_DATA PROVIDED_:
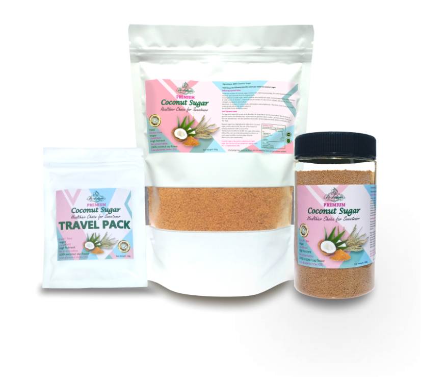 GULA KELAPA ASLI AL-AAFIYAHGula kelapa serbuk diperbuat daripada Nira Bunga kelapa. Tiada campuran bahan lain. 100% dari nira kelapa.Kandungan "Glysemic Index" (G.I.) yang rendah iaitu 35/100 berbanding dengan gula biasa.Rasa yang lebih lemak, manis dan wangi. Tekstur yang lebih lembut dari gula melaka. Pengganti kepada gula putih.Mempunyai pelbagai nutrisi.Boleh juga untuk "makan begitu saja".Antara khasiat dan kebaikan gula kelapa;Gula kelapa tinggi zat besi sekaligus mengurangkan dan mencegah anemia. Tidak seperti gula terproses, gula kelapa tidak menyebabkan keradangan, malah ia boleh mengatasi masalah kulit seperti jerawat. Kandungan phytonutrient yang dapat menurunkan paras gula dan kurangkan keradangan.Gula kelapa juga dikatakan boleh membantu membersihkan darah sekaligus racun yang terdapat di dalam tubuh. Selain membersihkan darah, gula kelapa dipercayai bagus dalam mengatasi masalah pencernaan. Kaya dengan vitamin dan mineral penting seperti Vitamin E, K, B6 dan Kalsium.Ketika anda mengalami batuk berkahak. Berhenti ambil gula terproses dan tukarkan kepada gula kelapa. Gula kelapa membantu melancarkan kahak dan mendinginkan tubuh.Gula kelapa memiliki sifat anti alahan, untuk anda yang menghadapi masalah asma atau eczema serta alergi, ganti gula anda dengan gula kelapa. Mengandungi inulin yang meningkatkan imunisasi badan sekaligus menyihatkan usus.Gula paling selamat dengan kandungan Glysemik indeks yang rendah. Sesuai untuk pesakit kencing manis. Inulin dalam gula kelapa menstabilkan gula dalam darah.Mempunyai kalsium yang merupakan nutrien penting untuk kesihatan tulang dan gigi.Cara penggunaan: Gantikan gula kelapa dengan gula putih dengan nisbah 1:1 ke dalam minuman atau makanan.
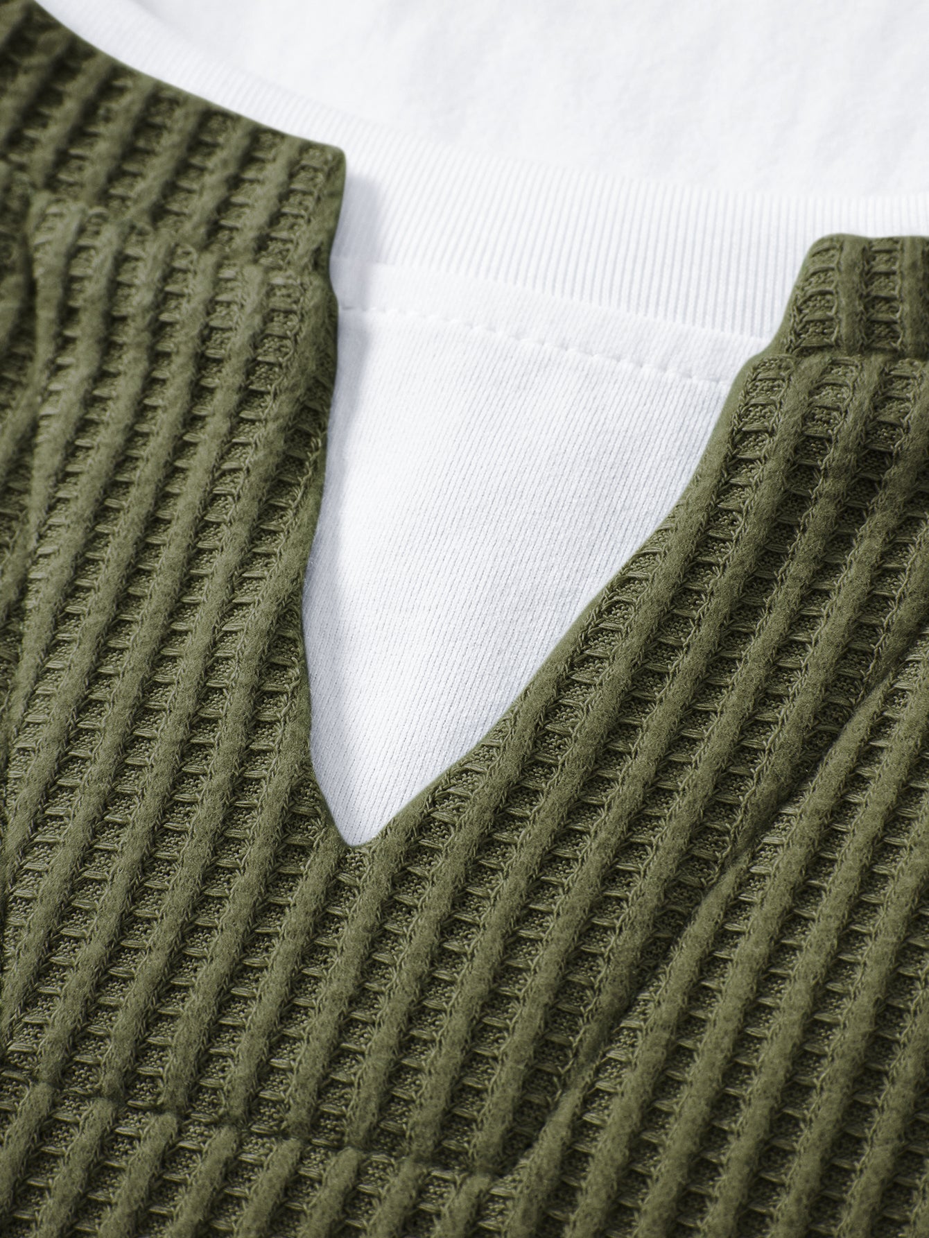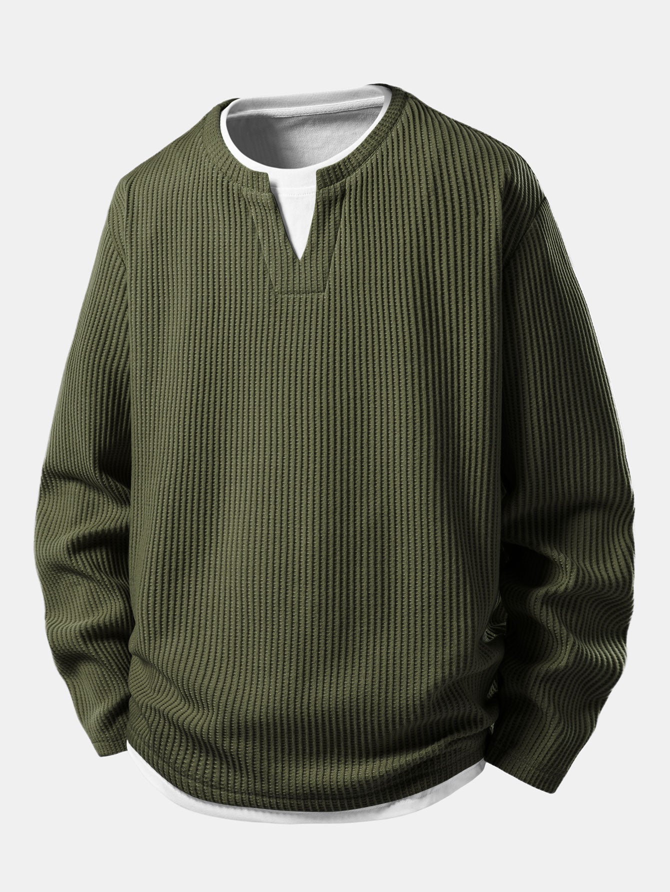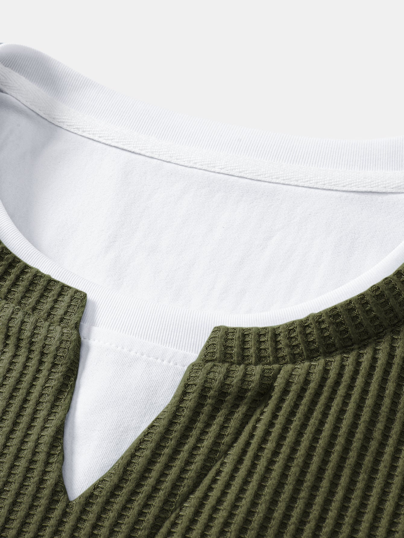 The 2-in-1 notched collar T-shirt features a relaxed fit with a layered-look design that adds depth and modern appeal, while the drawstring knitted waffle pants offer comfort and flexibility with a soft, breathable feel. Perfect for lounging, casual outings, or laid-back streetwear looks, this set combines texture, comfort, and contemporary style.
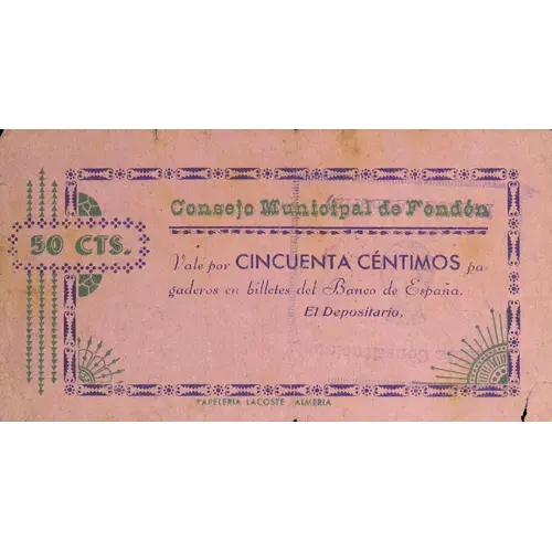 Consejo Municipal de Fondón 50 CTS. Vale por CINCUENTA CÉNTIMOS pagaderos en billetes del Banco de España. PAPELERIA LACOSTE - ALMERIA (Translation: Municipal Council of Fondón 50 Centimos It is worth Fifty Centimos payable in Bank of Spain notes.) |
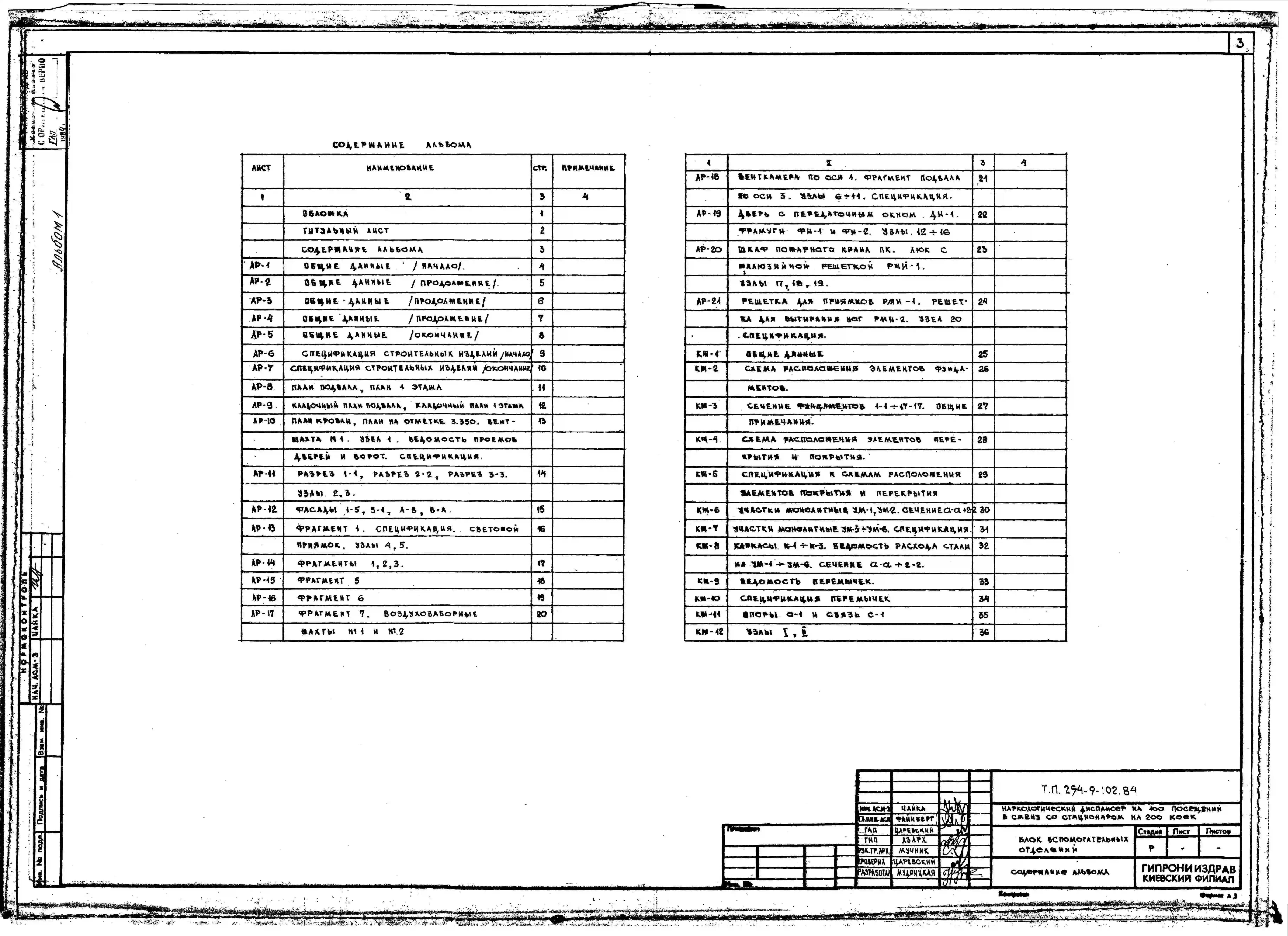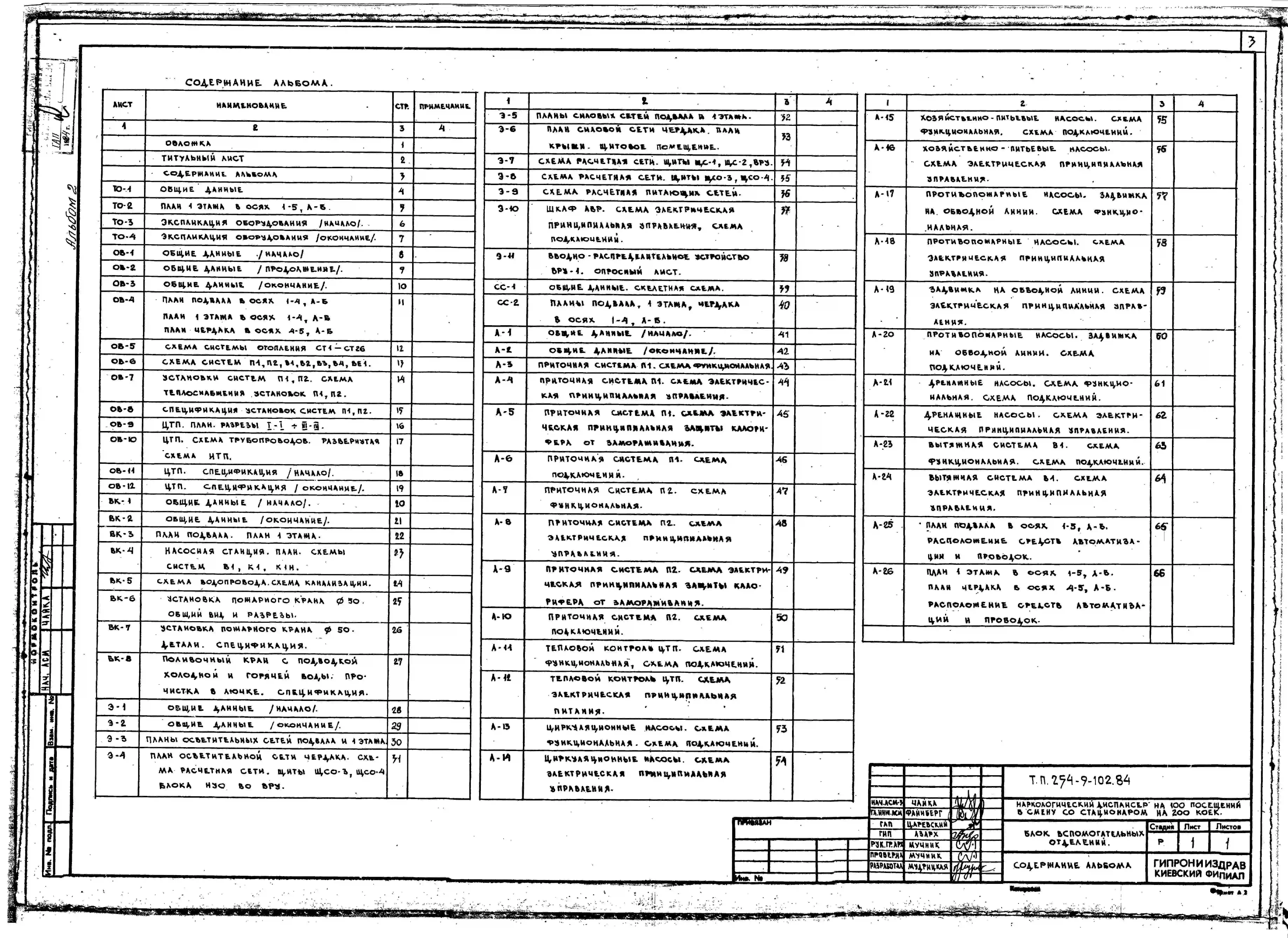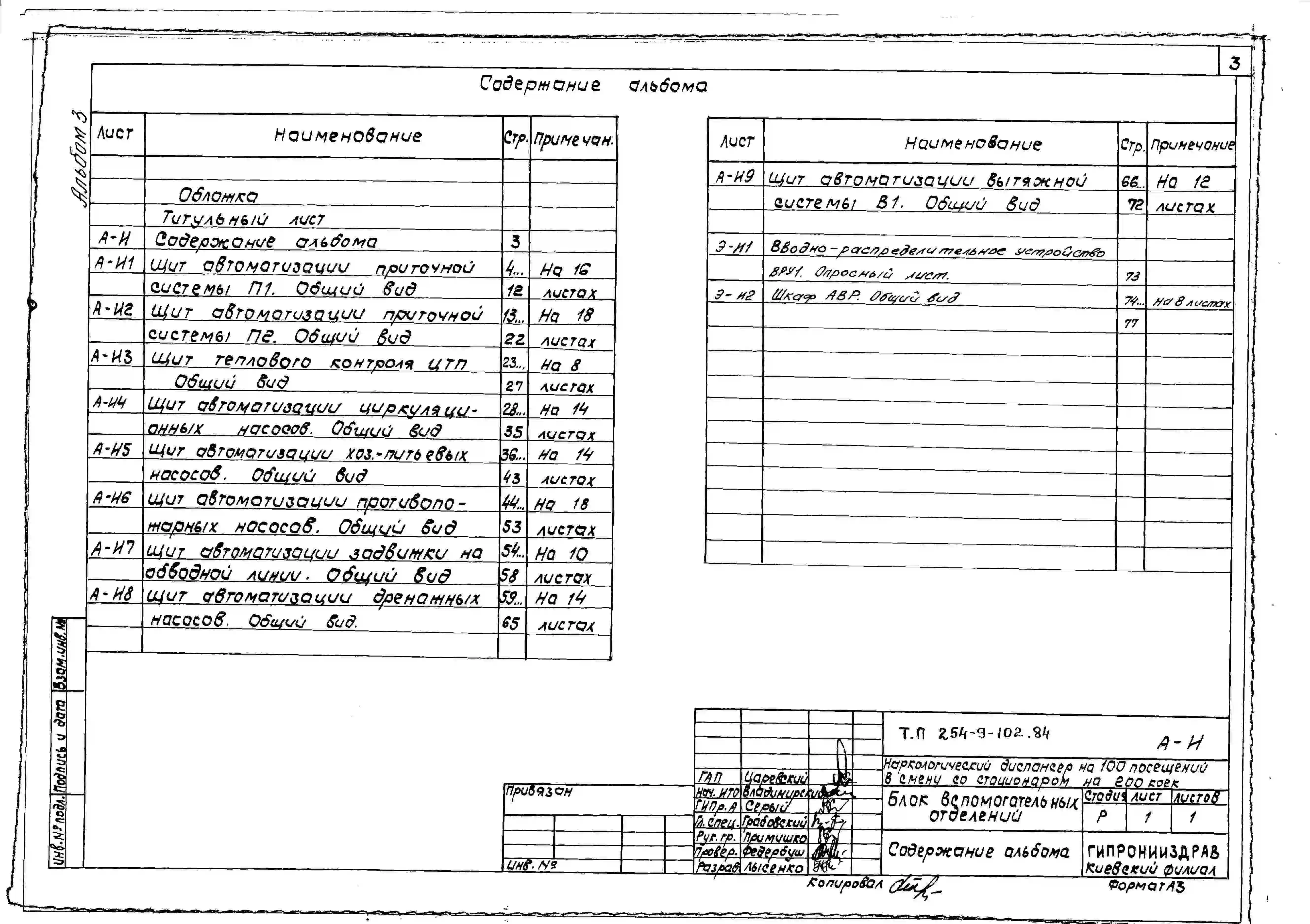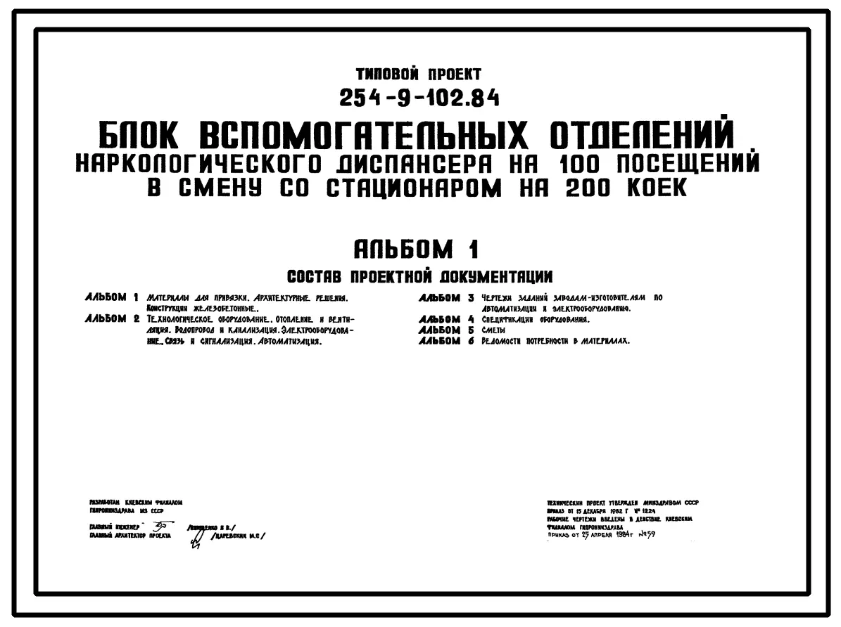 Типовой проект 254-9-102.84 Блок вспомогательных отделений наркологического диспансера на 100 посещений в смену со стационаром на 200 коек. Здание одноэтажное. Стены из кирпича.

_REQUIRED ACTION_: Only the lines that lie between the start of the listing and the line containing "The 2-in-1 notched", both included, belong in the answer; write them out exactly and omit pictures.

_OUTPUT OF THE TASK_:
 GULA KELAPA ASLI AL-AAFIYAHGula kelapa serbuk diperbuat daripada Nira Bunga kelapa. Tiada campuran bahan lain. 100% dari nira kelapa.Kandungan "Glysemic Index" (G.I.) yang rendah iaitu 35/100 berbanding dengan gula biasa.Rasa yang lebih lemak, manis dan wangi. Tekstur yang lebih lembut dari gula melaka. Pengganti kepada gula putih.Mempunyai pelbagai nutrisi.Boleh juga untuk "makan begitu saja".Antara khasiat dan kebaikan gula kelapa;Gula kelapa tinggi zat besi sekaligus mengurangkan dan mencegah anemia. Tidak seperti gula terproses, gula kelapa tidak menyebabkan keradangan, malah ia boleh mengatasi masalah kulit seperti jerawat. Kandungan phytonutrient yang dapat menurunkan paras gula dan kurangkan keradangan.Gula kelapa juga dikatakan boleh membantu membersihkan darah sekaligus racun yang terdapat di dalam tubuh. Selain membersihkan darah, gula kelapa dipercayai bagus dalam mengatasi masalah pencernaan. Kaya dengan vitamin dan mineral penting seperti Vitamin E, K, B6 dan Kalsium.Ketika anda mengalami batuk berkahak. Berhenti ambil gula terproses dan tukarkan kepada gula kelapa. Gula kelapa membantu melancarkan kahak dan mendinginkan tubuh.Gula kelapa memiliki sifat anti alahan, untuk anda yang menghadapi masalah asma atau eczema serta alergi, ganti gula anda dengan gula kelapa. Mengandungi inulin yang meningkatkan imunisasi badan sekaligus menyihatkan usus.Gula paling selamat dengan kandungan Glysemik indeks yang rendah. Sesuai untuk pesakit kencing manis. Inulin dalam gula kelapa menstabilkan gula dalam darah.Mempunyai kalsium yang merupakan nutrien penting untuk kesihatan tulang dan gigi.Cara penggunaan: Gantikan gula kelapa dengan gula putih dengan nisbah 1:1 ke dalam minuman atau makanan.
 The 2-in-1 notched collar T-shirt features a relaxed fit with a layered-look design that adds depth and modern appeal, while the drawstring knitted waffle pants offer comfort and flexibility with a soft, breathable feel. Perfect for lounging, casual outings, or laid-back streetwear looks, this set combines texture, comfort, and contemporary style.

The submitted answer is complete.